### Problem details
Your reply should consist of the entries, copied exactly and stripped of images.

──────── Materials provided

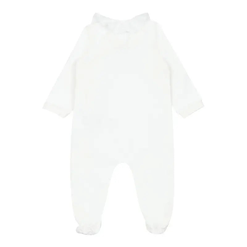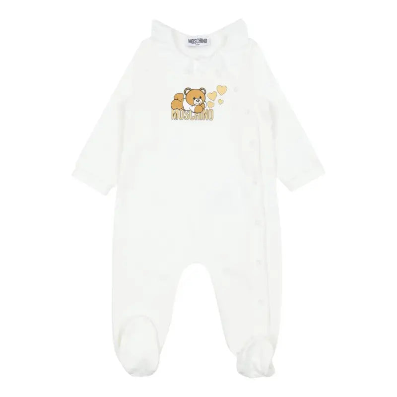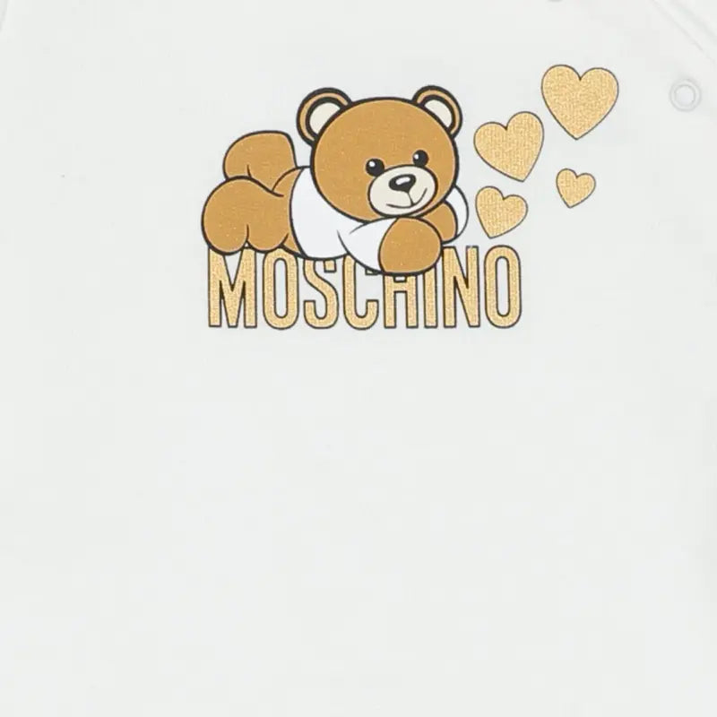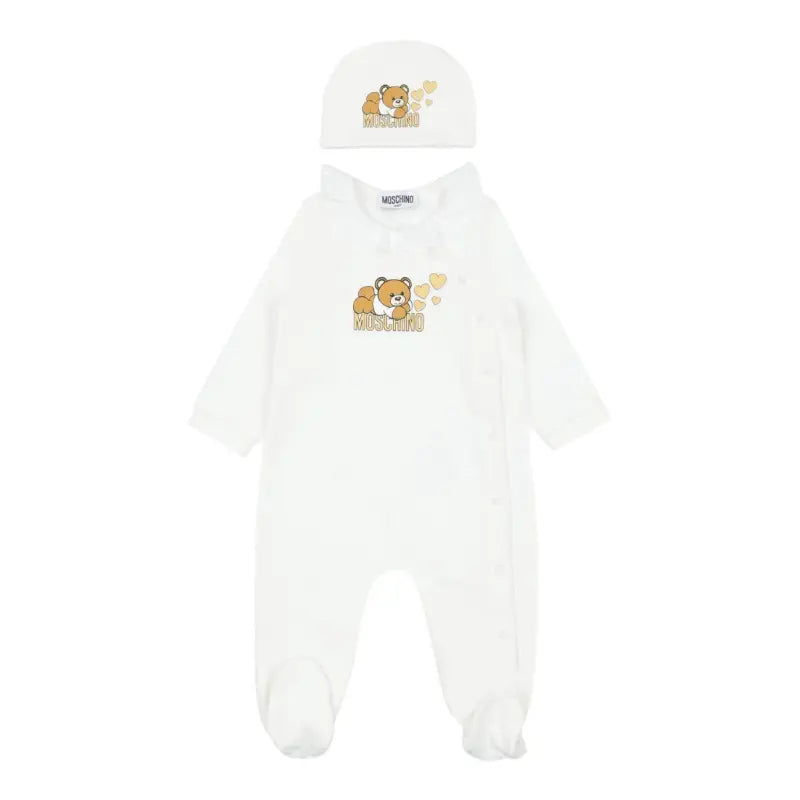 Ivory babygrow and hat set by Moschino Baby, made in soft cotton jersey. Cosy and comfortable, the babygrow has a warm, fleecy inside. It has a pretty ruffle collar and popper fastenings on the front. The brand's iconic Moschino Teddy Bear is printed on the chest in gold and white, with glittery gold hearts. The cute double layer hat has a matching logo on the front.
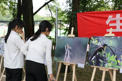 活动现场,80多幅鸟类、兽类、两栖类、爬行类动物的照片和科普知识以图文并茂的方式进行了展出,吸引了师生驻足观看,进一步提高了师生对生物多样性保护的认识。
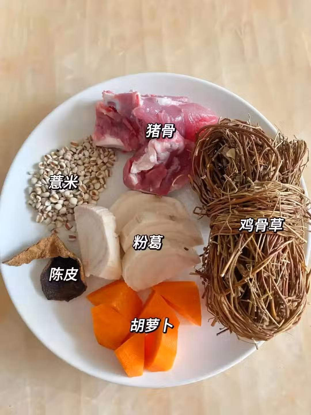 豬骨、雞骨草,胡蘿蔔,陳皮、薏米、粉葛
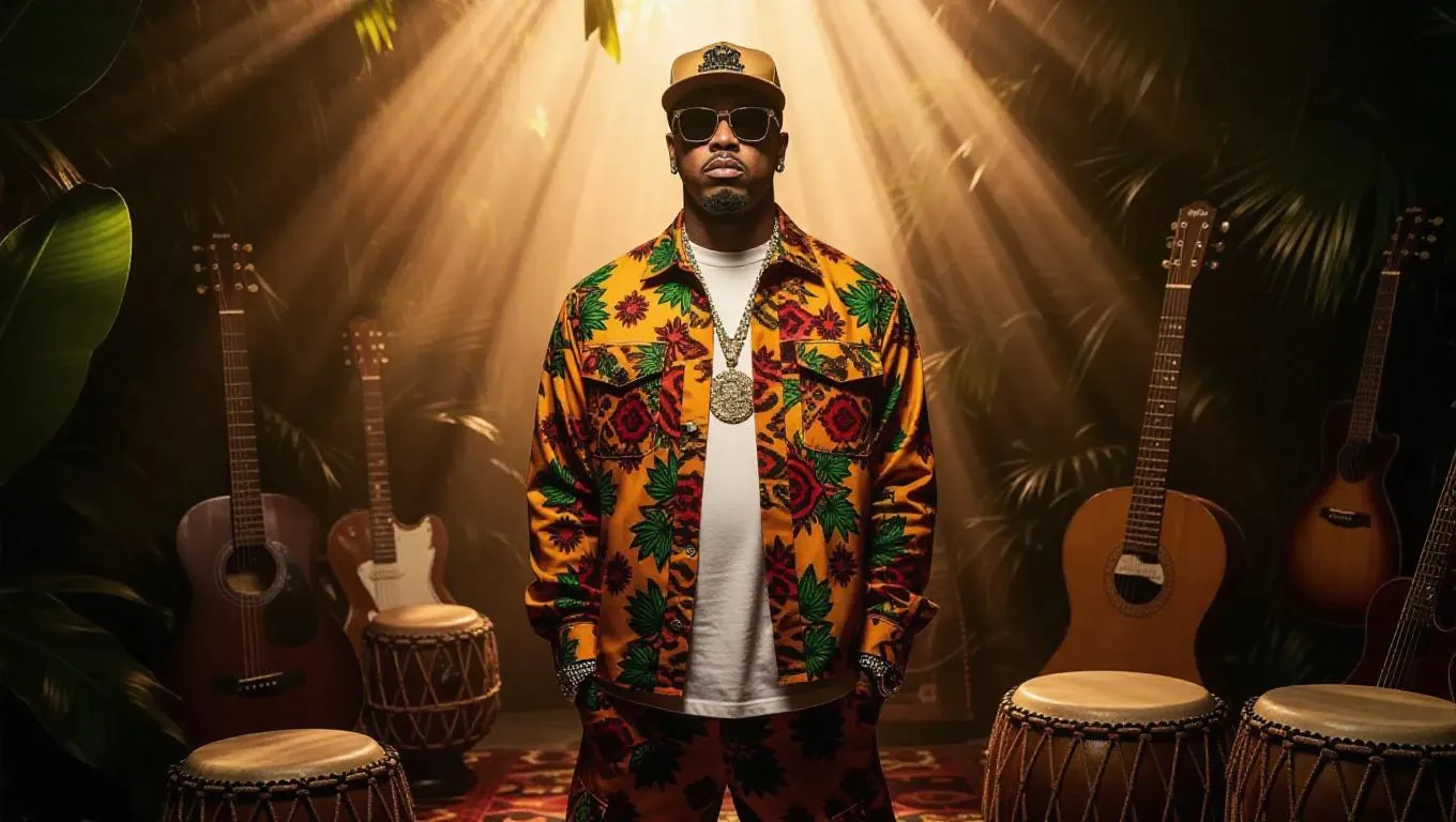 Transform text into AI-generated visuals of futuristic rappers blending African heritage with neon-lit streetwear, holographic elements, and Afrofuturism aesthetics. Create bold, culturally rich AI art or videos with vivago.ai's tools for dynamic, professional-grade edits. Redefine music artistry through Afrocentric futurism, AI effects, and cutting-edge style fusion.
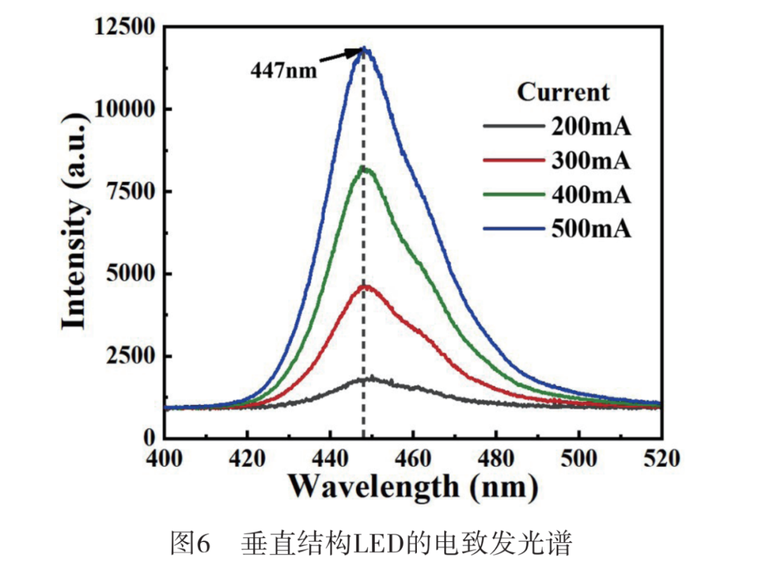 使用Keithley 2636B数字源表作为直流电源为LED提供恒定电流驱动,采用直径200 μm的多模光纤收集LED发射光,通过USB4000海洋光谱分析仪进行表征。如图6所示 ,器件发光光谱的主峰在447 nm,发光强度随注入电流增加而增强。通过改变注入电流调控LED器件的发光强度,从而实现信号的光加载。

────────────────

### Response area
 Ivory babygrow and hat set by Moschino Baby, made in soft cotton jersey. Cosy and comfortable, the babygrow has a warm, fleecy inside. It has a pretty ruffle collar and popper fastenings on the front. The brand's iconic Moschino Teddy Bear is printed on the chest in gold and white, with glittery gold hearts. The cute double layer hat has a matching logo on the front.
 活动现场,80多幅鸟类、兽类、两栖类、爬行类动物的照片和科普知识以图文并茂的方式进行了展出,吸引了师生驻足观看,进一步提高了师生对生物多样性保护的认识。
 豬骨、雞骨草,胡蘿蔔,陳皮、薏米、粉葛
 Transform text into AI-generated visuals of futuristic rappers blending African heritage with neon-lit streetwear, holographic elements, and Afrofuturism aesthetics. Create bold, culturally rich AI art or videos with vivago.ai's tools for dynamic, professional-grade edits. Redefine music artistry through Afrocentric futurism, AI effects, and cutting-edge style fusion.
 使用Keithley 2636B数字源表作为直流电源为LED提供恒定电流驱动,采用直径200 μm的多模光纤收集LED发射光,通过USB4000海洋光谱分析仪进行表征。如图6所示 ,器件发光光谱的主峰在447 nm,发光强度随注入电流增加而增强。通过改变注入电流调控LED器件的发光强度,从而实现信号的光加载。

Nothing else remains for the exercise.